An object of class hare, which is organized to serve as input for plot.hare, summary.hare, dhare (conditional density), hhare (conditional hazard rate), phare (conditional probabilities), qhare (conditional quantiles), and rhare (random numbers). The object is a list with the following members:

ncov

number of covariates.

ndim

number of dimensions of the fitted model.

fcts

matrix of size ndim x 6. each row is a basis function. First element: first covariate involved (0 means time);

second element: which knot (0 means: constant (time) or linear (covariate));

third element: second covariate involved (NA means: this is a function of one variable);

fourth element: knot involved (if the third element is NA, of no relevance);

fifth element: beta;

sixth element: standard error of beta.

knots

a matrix with ncov rows. Covariate i has row i+1, time has row 1. First column: number of knots in this dimension; other columns: the knots, appended with NAs to make it a matrix.

penalty

the parameter used in the AIC criterion.

max

maximum element of survival data.

ranges

column i gives the range of the i-th covariate.

logl

matrix with two columns.

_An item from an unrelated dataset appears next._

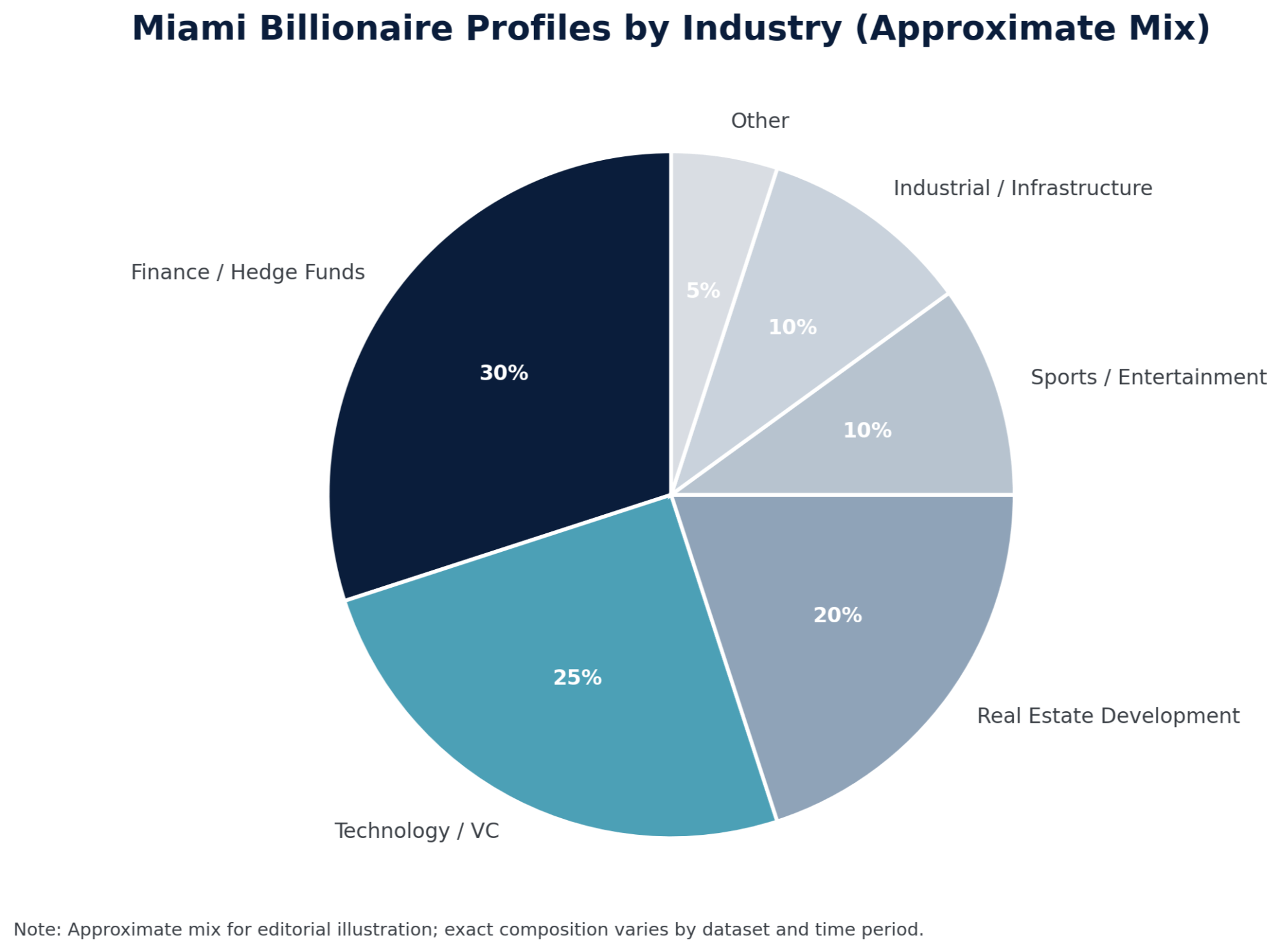 Miami’s billionaire base is diverse, but it skews heavily toward operating and institutional wealth, not just celebrity money.

The i-th element of the first column is the loglikelihood of the model of dimension i. The second column indicates whether this model was fitted during the addition stage (1) or during the deletion stage (0).

sample

sample size.

References

Charles Kooperberg, Charles J. Stone and Young K. Truong (1995). Hazard regression. Journal of the American Statistical Association, 90, 78-94.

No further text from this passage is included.